Many sides have weighed in on Rep. Marsha Blackburn’s draft “Open Internet Preservation Act,” introduced this week. The measure is meant to replace some of the 2015 Net Neutrality rules the FCC just repealed when the internet was re-classified as a utility. The issue pertains to towers because internet providers like Verizon and AT&T use cell towers to deliver internet access to consumers over wireless networks.
Blackburn, chair of the House
Communications and Technology Subcommittee, said the measure “will
ensure the internet is an open and free space” with “light-touch
regulation.” It prohibits providers from blocking or slowing down some
internet content.
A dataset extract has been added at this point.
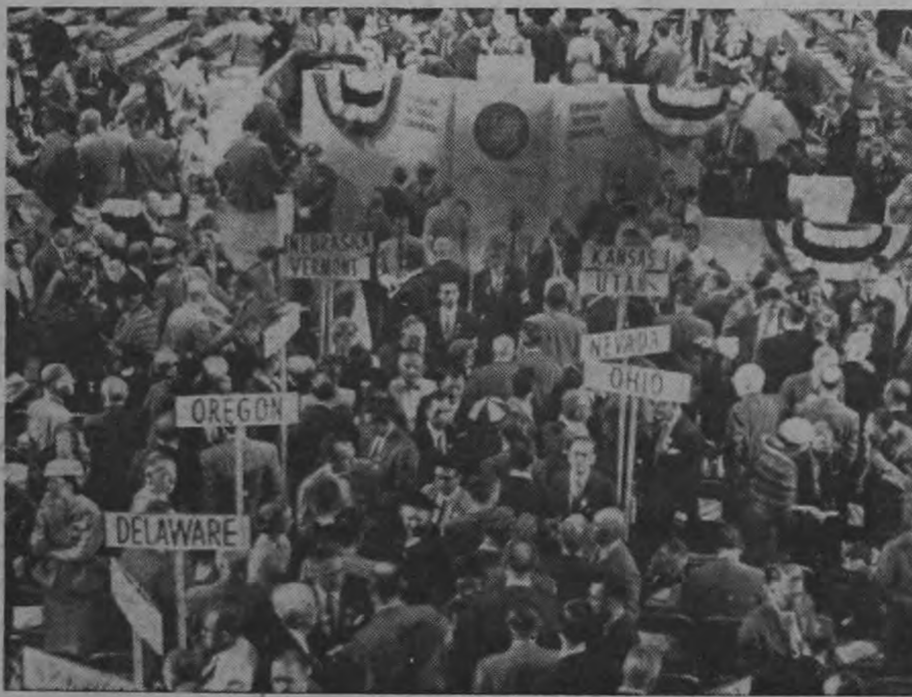
He aquí una vista general del Cow Palace en San Francisco, cuando el Gobernador del estado de Washington, Arthur B. Langlie (en la tribuna,) pronunciaba el discurso principal en la Convención Nacional Republicana.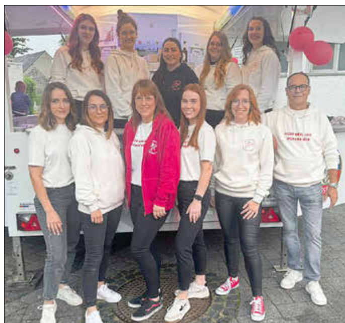
Vorstand der KG Wohlgemut

Am vergangenen Samstag, den 22. Juni 2024, feierte die Karnevalsgesellschaft Wohlgemut ihr drittes Sommerfest. Trotz des anfänglichen Regens erwies sich die Veranstaltung als großer Erfolg. Der Regen konnte die gute Laune der Besucher*innen nicht trüben und

If passed, she said in her announcement, companies
“can invest and innovate, and make sure our internet is up to 21st century standards.” It also includes the same ISP disclosure provisions the FCC passed.
House Energy and Commerce Committee
Chairman Greg Walden (R-OR) said the measure “kicks off this important
conversation, and lays the groundwork for Congress to enact broadly
bipartisan principles that will preserve the dynamic internet ecosystem
that has driven so much growth and innovation over the last two decades.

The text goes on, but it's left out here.